Alopécie pseudo-hormonale

Certains patients présentent uniquement une raréfaction des cheveux modérément accrue au niveau central avec une évolution lente, qui est caractéristique d’une AAG classique; le trichogramme permet lui aussi d’objectiver une chute de cheveux uniquement active au niveau central. Les analyses de laboratoire révèlent une carence en fer et/ou en vitamine B12. Dans ce cas de figure, la correction de la carence peut à elle seule permettre d’inverser l’AAG. Dans le cadre d’une carence en fer, cette «alopécie pseudo-hormonale» peut s’expliquer par la fonction limitée de deux enzymes pertinentes pour les cheveux dans le métabolisme des androgènes: activité réduite de l’aromatase ferrodépendante impliquée dans la synthèse des œstrogènes et inhibition réduite de la 5α-réductase par des métabolites de la lipoxygénase ferrodépendante. Les deux forment un cercle vicieux et entraînent une hyperandrogénie relative ­locale et une hypo-œstrogénie (fig. 2). C’est ainsi que survient une AAG renforcée en cas de carence en fer (pré-)latente [4]. Par ailleurs, une carence en vitamine B12 peut activer une AAG en raison de la méthylation réduite et ainsi de l’inactivation des récepteurs aux androgènes, avec en conséquence une action renforcée des androgènes.
Figure 2: Mécanisme de l’alopécie pseudo-hormonale (hypothèse).
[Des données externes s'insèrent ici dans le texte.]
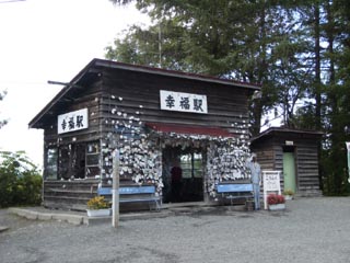 [09/01] 1時過ぎに帯広空港に到着。レンタカーを借りてまず、空港近くの幸福駅に向かいました。 ちょっと遠回りして(迷って)「道の駅」で遅い昼食をとり、幸福駅に到着。 壁には名刺やら写真が貼ってあります。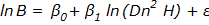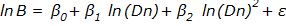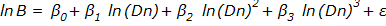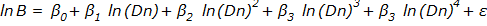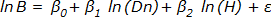 ln = Logaritmo natural; B = Biomasa (kg); , ….. , = Parámetros de regresión; Dn = Diámetro normal (cm); H = Altura total (m).

La testostérone est transformée d’une part en œstradiol (pro-anagène, régule ensuite positivement l’aromatase) via l’aromatase ferrodépendante et d’autre part en dihydrotestostérone (DHT) plus puissante via la 5-alpharéductase (5αR); l’activité de la 5αR est inhibée par les métabolites du métabolisme des ­acides gras, qui dépendent de la lipoxygénase (LOX) ferrodépendante. En cas de carence en fer dans les tissus, l’aromatase est moins active, avec accumulation de testostérone. Cette dernière est transformée d’autant plus efficacement en DHT via la 5αR non inhibée en raison de l’activité réduite de la LOX

Alopécie hypo-œstrogénique

Les œstrogènes ont une action stimulant directement la croissance des cheveux, ce qui est également mis en évidence dans les cultures cellulaires. Cela explique les beaux cheveux qu’ont les femmes durant la grossesse et la chute de cheveux lors de la forte baisse des œstrogènes après l’accouchement. Les œstrogènes stimulent également l’aromatase, qui dégrade la testostérone. Ainsi, toute baisse des œstrogènes chez la femme peut conduire à une chute de cheveux diffuse, mais également à une chute de cheveux semblable à une AAG: peuvent être incriminés la ménopause, les traitements par anti-œstrogènes et anti-aromatases, mais également la contraception hormonale par une préparation uniquement progestative (minipilule). En inhibant les gonadotrophines, les minipilules sont responsables d’une hypo-œstrogénie relative. Ainsi, chez les patients ayant une tendance à l’AAG, la prise de la minipilule durant l’allaitement, alors que la concentration des œstrogènes est faible après l’accouchement, a des répercussions dévastatrices. La chute de cheveux accrue paradoxale qui s’observe chez certaines femmes même sous contraception œstro-progestative (contraception orale combinée, COC) s’explique elle aussi par les mêmes raisons: le progestatif est principalement responsable de l’inhibition des gonadotrophines et l’éthinylestradiol exogène n’est pas capable de remplacer les œstrogènes endogènes (E2) dans tous les compartiments tissulaires. Chez ces patientes, particulièrement lorsque la COC abaisse les œstrogènes endogènes nettement en-dessous de la valeur la plus faible dans le cycle ovulatoire, il ne faut administrer d’acétate de cyprotérone en plus de la COC, mais totalement arrêter la COC et la remplacer par une contraception non hormonale.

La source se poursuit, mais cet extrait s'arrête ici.